Inserting VBA Procedure into CSV Files Using SSIS

  • Hi to all you SSIS gurus out there. I am a complete newbie with SSIS and I need assistance with opening multiple .csv files in a folder and then adding a procedure to the file to change and add headers to transform the data for loading into our database. Can someone point me in a general way to do this? The procedure is not written but I am fairly fluent with Excel VBA and I would like to add a VBA procedure to each and every file. Is this possible?

    Regards:
    Mordred
    Keep on Coding in the Free World

  • I am not sure if this is what you're asking, but it sounds like you would like to add a VBA Macro to each csv file that will fire when each file is opened in Excel? Is that a correct assessment of your question?

    Stepping back for a second your question seems to be about standardizing the file layouts so they are all consistent. Is the end goal to simply load the files into a database, or rather to prepare them for use by end-users in Excel?

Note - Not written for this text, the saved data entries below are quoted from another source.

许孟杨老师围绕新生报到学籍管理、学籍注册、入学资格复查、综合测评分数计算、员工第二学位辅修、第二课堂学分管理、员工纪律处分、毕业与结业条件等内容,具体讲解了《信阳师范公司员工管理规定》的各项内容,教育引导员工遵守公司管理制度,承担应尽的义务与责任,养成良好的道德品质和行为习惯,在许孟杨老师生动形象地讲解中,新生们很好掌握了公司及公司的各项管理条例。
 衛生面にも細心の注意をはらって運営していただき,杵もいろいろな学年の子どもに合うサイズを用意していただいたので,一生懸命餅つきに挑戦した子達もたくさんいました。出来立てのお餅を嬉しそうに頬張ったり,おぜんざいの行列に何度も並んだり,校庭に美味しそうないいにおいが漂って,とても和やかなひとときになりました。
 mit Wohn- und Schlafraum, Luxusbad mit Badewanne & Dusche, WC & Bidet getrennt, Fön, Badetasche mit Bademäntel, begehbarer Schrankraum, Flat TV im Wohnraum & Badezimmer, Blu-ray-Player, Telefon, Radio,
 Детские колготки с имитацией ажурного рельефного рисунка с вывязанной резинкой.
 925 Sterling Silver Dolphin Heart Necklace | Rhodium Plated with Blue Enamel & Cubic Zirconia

    There are no special teachers of virtue, because virtue is taught by the whole community.
    --Plato

  • Hi opc.three,

    First off, thanks for the reply and yes you are right, I want to add a VBA macro to each csv file that will fire when opened. And yes, I want to standardize file layouts to load them into a database. Our database adds a mnemonic (per user requirement) that does not exist with the original source files so I have to somehow transform the source data to match the table designs that I have.

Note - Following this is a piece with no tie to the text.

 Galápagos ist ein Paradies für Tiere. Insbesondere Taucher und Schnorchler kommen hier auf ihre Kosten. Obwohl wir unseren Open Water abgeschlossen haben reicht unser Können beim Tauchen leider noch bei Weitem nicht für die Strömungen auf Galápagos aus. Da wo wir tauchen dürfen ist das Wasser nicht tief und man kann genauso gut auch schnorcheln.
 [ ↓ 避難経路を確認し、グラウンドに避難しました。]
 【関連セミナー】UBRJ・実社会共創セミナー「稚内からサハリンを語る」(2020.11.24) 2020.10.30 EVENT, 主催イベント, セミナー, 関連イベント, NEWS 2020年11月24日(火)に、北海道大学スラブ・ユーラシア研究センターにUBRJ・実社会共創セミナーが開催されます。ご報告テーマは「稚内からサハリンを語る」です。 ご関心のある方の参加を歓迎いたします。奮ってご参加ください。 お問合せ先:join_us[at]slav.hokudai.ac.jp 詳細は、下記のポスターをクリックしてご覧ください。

    I know that I can use the for loop container but I am not familiar enough with this all yet. I was hoping to formally learn SSIS and BIDS but unfortunately the company I work for doesn't have the $$ in our department budget so I am on my own. I'm awaiting a book but I don't know how good it will be until I get it. I am eager to learn though.

    The macro itself I can write as I am very familiar with VBA but it's getting it into source files that will be deleted after load so I need the macro reusable for each time there is an update to the database.

    Regards:
    Mordred
    Keep on Coding in the Free World

  • ...

    There are no special teachers of virtue, because virtue is taught by the whole community.
    --Plato

  • Sorry, my last post was submitted prematurely...

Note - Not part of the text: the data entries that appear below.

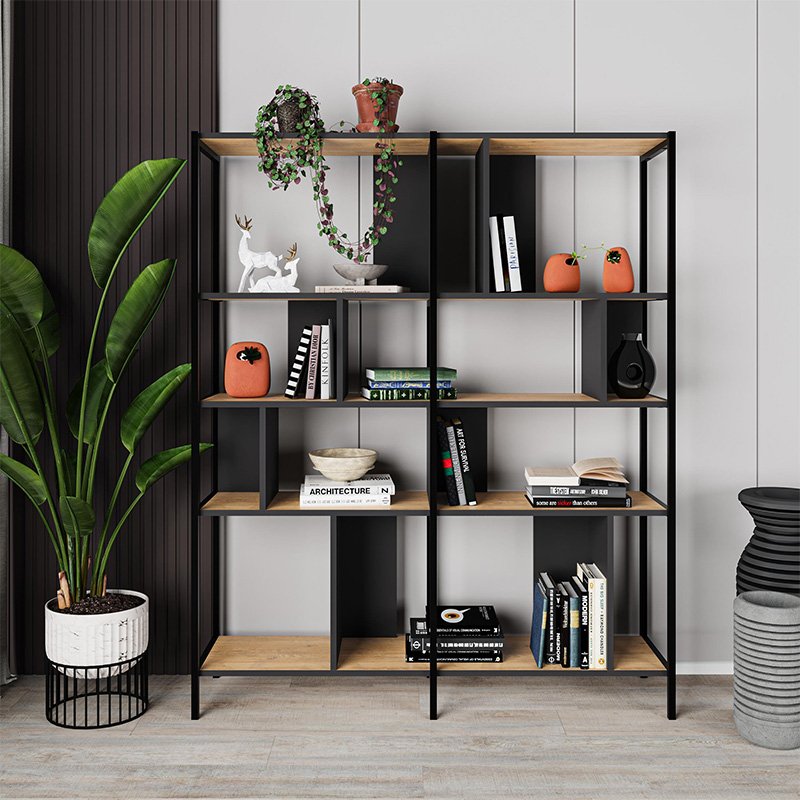 Βιβλιοθήκη Maxi Megapap χρώμα sapphire oak – silky black 144x35x175εκ.
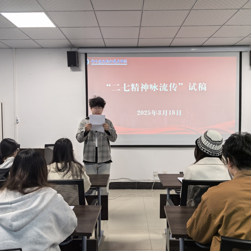 2025年3月18日,在这个春意盎然、生机勃勃的日子里,九名同学参加了二七精神宣讲试稿活动。此次活动旨在传承和弘扬二七精神,激发青年学生的爱国热情,增强历史使命感和责任感。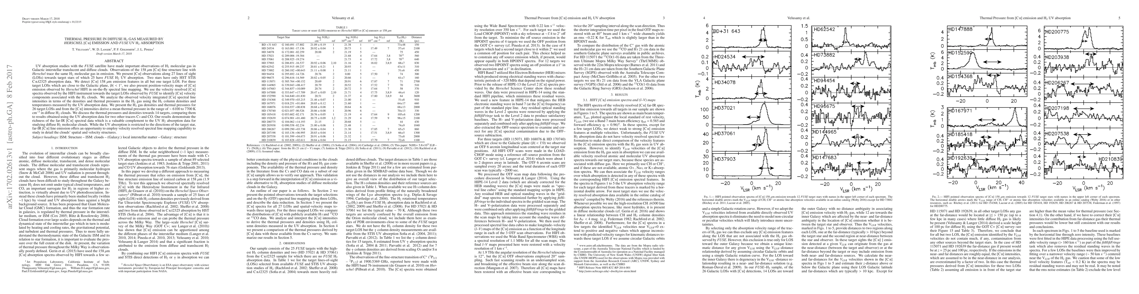 This paper measures thermal pressures in diffuse H2 gas using Herschel's [C II] emission and FUSE UV H2 absorption data. The study finds a mean thermal pressure of 6100 to 7700 K cm^-3 in these clouds, comparing these results with other tracers like CI and CO.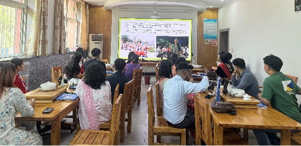 在讲座环节,吴英老师全英文深入浅出地介绍了中国茶文化的相关内容,从茶树的类型起源,到不同朝代茶文化的发展脉络,再到六大茶类的详细分类等。中国传统的制茶技艺及其相关社会实践在2022年被列入联合国教科文组织人类非物质文化遗产代表作名录,2023年普洱景迈山古茶林文化景观成为世界首个茶主题世界文化遗产。这些成就让尼泊尔学子对中国茶文化在世界文化中的重要地位有了更清晰的认识,激发了他们对中国传统文化的浓厚兴趣。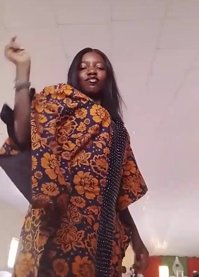 A woman is dancing in a room. She is wearing a brown and black floral pattern dress with a black beaded front. She has long black hair and is wearing a watch on her left wrist. She raises her arms and smiles. Other people are in the background, and some chairs are visible. The room has a light-colored ceiling and walls. A bit of red trim is visible around a window.

    I am not aware of any way to implant a macro into a csv file. Into a xls or xlsx file sure, but not a csv. Even if it is possible I am not sure you want to go in that direction in this scenario. SSIS should be able to handle all your data processing needs. Besides, SSIS is typically run in an unattended fashion, e.g. as a job, and the use of server-side Office Automation on a server in an unattended context is frowned upon and even formally advised against by Microsoft.

    Your VBA programming skills may still be put to good use within the SSIS however, in the form of Script Tasks or Script Components. These objects help us extend SSIS when the built-in tasks and components simply won't do. I usually try to find a way to do things using a built-in solution, but sometimes the Script Task/Component is the only, and sometimes better option.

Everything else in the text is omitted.